Ignacio lived and died by that mandate.

He paused then moved so quickly I flinched when he jerked the gun from the back of his waistband. Grabbing my hands, he fitted them to the gun, his meaty hands clasped on top so that I could bear the awful, awkward weight.

“You feel this? This is the weight of a life. I took it with one squeeze of the trigger.”

“Ignacio,” Dane argued, standing up and lunging toward us. “Don’t put a gun in her hands. Fuck. What is wrong with you?”

Ignacio moved our hands easily, swiveling the gun so it pointed at my brother. My arms locked, breath a wheezing pant as I tried to pull away from the gun, from my papá and his evil intent.

Ignacio raised a brow at Dane, making a silent point I didn’t understand, but my brother seemed to get it because his lips thinned, and he held up his hands in surrender.

Satisfied, Ignacio turned back to me and smiled softly, his expression tender against the hard sight of the gun held between us. “You’re a sweet girl, abejita, but you must grow strong.

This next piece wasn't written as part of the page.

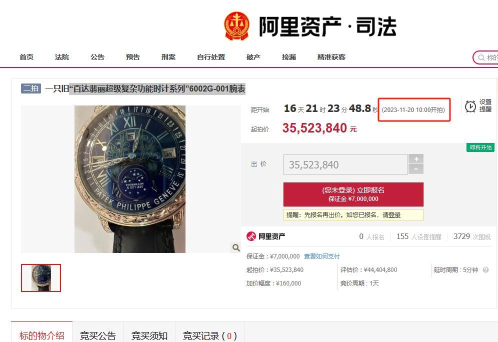 广东深圳的“黑老大”张伟,在狱中做梦都想不到,他曾经时刻佩戴的百达翡丽全球限量版豪华腕表,折价达1500万,被法拍易主了,拍卖前腕表专家评估价是4440余万。 2025年12月16日,阿里司法拍卖平台的一则成交公告打破了收藏圈的平静:原属张伟的百达翡丽超级复杂功能时计系列6002G腕表,以2877.4311万元的底价成交。 两名报名竞买人经过仅一轮出价,便敲定了这桩备受瞩目的交易。谁能想到,这块集万年历、陀飞轮、三问报时等数十项复杂功能于一身的“腕上天文台”,此前曾四次遭遇流拍窘境,起拍价从最初的3197万元一路下调,最终降幅超35%,相当于直接“蒸发”了一套深圳核心区域的豪宅总价。 作为百达翡丽最顶级的系列之一,6002G腕表堪称机械制表工艺的巅峰之作。其表壳内含上千个精密零件,手工打磨需耗时数月,全球年产量不足百枚,在收藏界向来有“硬通货”之称。 李嘉诚、布拉德·皮特等名流均以拥有一枚同款腕表为荣,在正规二级市场,这类限量款甚至常年溢价,部分绝版型号十年间价格翻倍。 张伟当年能将其收入囊中,足见其非法敛财规模之庞大。 这枚腕表的坎坷拍卖路,恰恰折射出市场对“涉黑资产”的警惕。尽管深圳市中级人民法院委托专业机构出具了35页的详细评估报告,但575万元的高额保证金首先过滤掉了绝大多数普通竞买者。 更关键的是,涉黑资产的特殊背景让买家顾虑重重:一方面,缺乏品牌官方认证的真伪溯源,高端腕表仿品工艺已极为逼真,非专家难以甄别;另一方面,“裸表”交付无任何原始凭证,后续无法享受品牌全球联保服务,一旦机芯故障,修复费用可能高达数十万元。 有资深表商直言:“正规渠道的同款再贵也有人抢,司法拍品再便宜30%也需谨慎,核心是信任链条断了。” 腕表的命运,正是张伟人生的残酷隐喻。这位原籍黑龙江鸡西的“深商风云人物”,曾以市人大代表身份示人,背后却打造了一个庞大的涉黑犯罪集团。 1992年,张伟带着2000元赴深圳打拼,从保安做起,2004年成立中科创集团后,便开启了“以商养黑、以黑护商”的罪恶之路。 他通过“88财富网”虚构投资项目非法吸储,再以高息放贷牟利,用摆场收数、非法拘禁、寻衅滋事等暴力手段催收,涉嫌故意伤害、行贿、敲诈勒索等11项罪名,其“保护伞”甚至包括深圳市委原副书记李华楠。 巅峰时期的张伟,财富积累堪称“疯狂”。除了这枚天价腕表,他还拥有评估价近2亿元的1536平方米观澜湖高尔夫大宅、私人空客飞机、游艇,以及另一块估值4129万元的百达翡丽腕表。 这些奢华资产,全是他压榨普通投资者、破坏市场秩序的“战利品”。据警方调查,其通过非法吸储等手段攫取的巨额资金,除了满足个人奢靡享受,更用于维系犯罪集团运作,无数家庭因他的骗局陷入绝境。 2019年4月,深圳警方成功打掉张伟涉黑集团,44名犯罪嫌疑人被依法逮捕;2021年,张伟终被判处无期徒刑,剥夺政治权利终身,并处没收个人全部财产及1217万元罚金。 随着司法程序推进,他的涉案资产被逐一查封处置:私人空客飞机以6334万元拍出,观澜湖大宅以1.6亿元起拍,如今这枚天价腕表的成交,标志着案件财产执行进入关键阶段。 法院明确表示,拍卖所得将优先用于退赔非法吸收公众存款案的受害人损失,剩余部分上缴国库,彻底斩断黑恶势力的经济根基。 值得关注的是,与这枚腕表同期处置的另一块同款百达翡丽腕表,目前仍在第五次拍卖进程中。业内人士分析,涉黑资产虽因特殊背景存在估值折让,但司法拍卖的公开透明,既实现了资产价值变现,也彰显了我国打击黑恶势力的坚定决心。 对收藏市场而言,这类“有故事的资产”虽话题性十足,但负面背景带来的价值贬损不可避免,最终成交价往往低于正常流通的同类藏品。 从时刻佩戴天价腕表彰显权势,到狱中听闻腕表折价易主的落寞,张伟的人生落差令人唏嘘。这枚百达翡丽腕表的流转历程更像是一面镜子:任何通过非法手段攫取的浮华,终将在法律的阳光下褪去光彩。 正如百达翡丽的广告语“你从未真正拥有百达翡丽,你只是为下一代保管它”,而张伟用罪恶换来的“保管权”,最终以最狼狈的方式终结——他不仅没能为自己留下财富,反而留下了洗不掉的罪恶印记,成为法治社会打击黑恶势力的典型注脚。 截至目前,张伟涉案资产的处置工作仍在持续推进。随着一块块奢华资产被依法清算,一个个受害人将获得应有的赔偿。 这背后,是司法机关“打财断血”的坚定行动,更是对黑恶势力的严正警示:无论伪装得多么光鲜,无论积累了多少财富,只要触碰法律红线、侵害群众利益,终将付出惨痛代价,所有非法所得也必将被彻底清算。 消息来源: 4000万元名表、2亿元豪宅…...昔日“黑老大”资产被拍卖,自称从保安做起 2023-11-04 16:26·新晚报

You cannot be soft if you want to survive, si?”

“Si, Papá,” I murmured, but my voice was a single thread pulled from a complicated tapestry of emotion clogging up my chest.

I was scared of the gun and angry with my father for putting it in my hands as if it was a disease that would seep through my skin and infect me for life.

I was horrified that I’d leveled a weapon at Dane for even a second, even forced to do it as I had been. For the first time in as long as I could remember, I felt like crying.

The tears lodged in my throat and made my eyes hot and glazed over like fired pottery.

Ignacio smiled as he dropped the gun from my grasp, easily taking it in one hand and tucking it back into his pants. I swallowed thickly when he took my face in his rough hands and brought me close to kiss my forehead.